The thrust of the McKinsey study is that there are pollution reduction choices that can be achieved at “negative cost.”  This flies in the face of economic theory, which would have us believe that companies and consumers would not willingly pass up profits by making changes in lighting, fuel efficiency, industrial process improvements, etc.  Turns out consumers aren't always entirely rational.



NREL's solar cell efficiencies slide.  The slide that launched several hundred solar startups is also partially responsible for the great concentrating photovoltaic (CPV) scare of 2008.  It does show the lag between hero experiment efficiencies and real-world PV performance and must be included in every solar presentation -- by law.


There are a lot of complicated ways to graphically illustrate the consumer side of the smart grid. This concise slide is not one of them.  EPRI claims authorship of this one.


The cubic mile of oil. The world uses about 30 billion barrels of oil per year. That is 1.2 trillion gallons, which works out to just about 1 cubic mile of oil.

And another way of illustrating the same concept:

Image courtesy of IEEE Spectrum


This slide from the leading renewable energy utility PG&E of Northern California (by way of Nissan) shows that fast charging a plug-in electric vehicle places a load on the grid equivalent to the average peak summer load of a single home.  Except that these loads move around from place to place and charge up whenever they feel like it, in the middle of the day or the middle of the night.  It means that widespread EV usage can't happen without a smart grid vehicle infrastructure.


Germany has the same solar insolation as the U.S. state of Alaska. Yet Germany is the global leader in solar installations. Why is that?  Three words: policy, policy, policy.  Mr. Colin Murchie Director, Federal Government Affairs at SolarCity and performer at Washington Improv Theater, originally produced this slide for SEIA.

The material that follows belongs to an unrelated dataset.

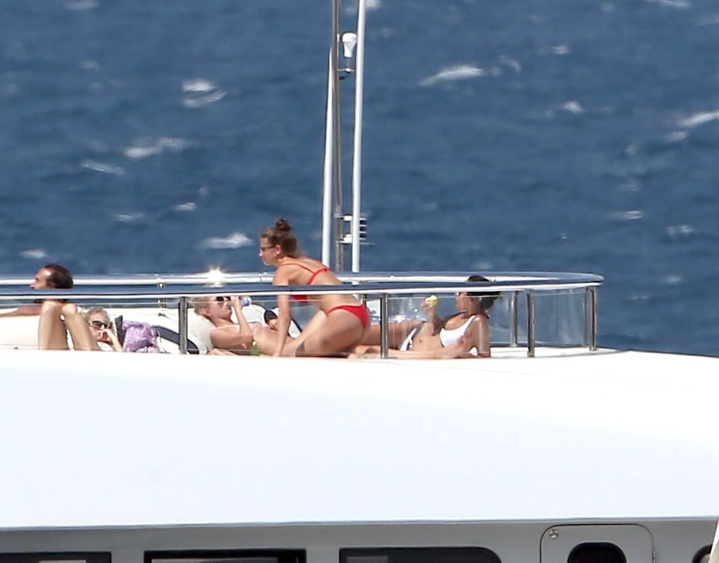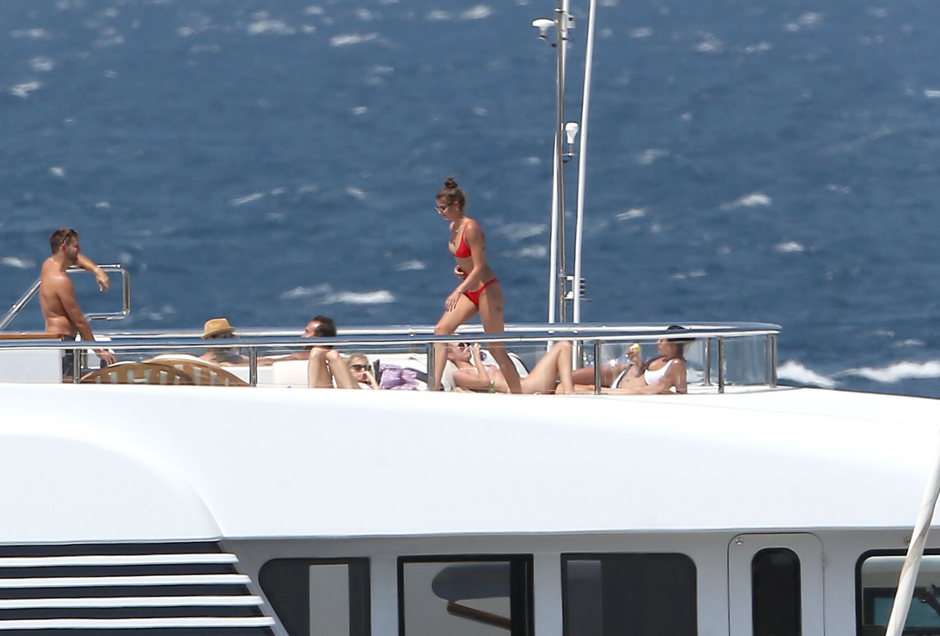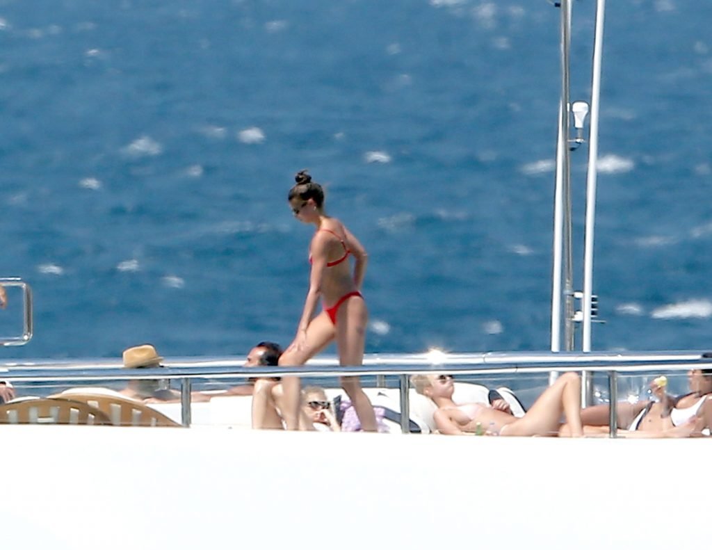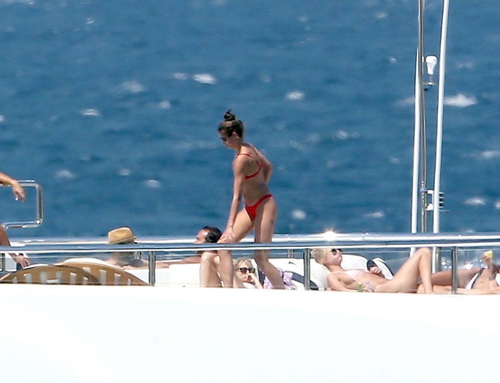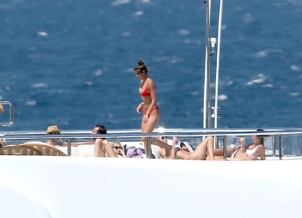 Taylor Marie Hill lleva un bikini rojo mientras disfruta con amigos en un mega yate en Saint-Tropez, 24/07/2017. Taylor Hill es una modelo de moda de Palatine (Condado de Cook, Illinois). Edad: 21 años.

Khosla Ventures' green portfolio.  This slide was immensely improved when the VC firm got a new graphic designer and got rid of the light bulb design.  In any case, it shows what you can do if you have a grand vision, sizable cojones and several billion dollars of your own and other people's money. And time for board meetings -- lots of board meetings.  The slide lists 40+ green startups, intelligently parsed, and we would bet there are a few more not being shown. One of these might be the black swan.  Vinod only has to be right one time out of ten or twenty to reinforce his genius status.



Bonus shameless self-promotion slide: Downloaded tens of thousands of times, this slide from Greentech Media's smart grid analysts smartly lays out the layers and players in the smart grid ecosystem:


And a final word on PowerPoint from Mr. Tufte:



Michael Kanellos contributed to this article.  Actually, he thought up the title and then went on vacation.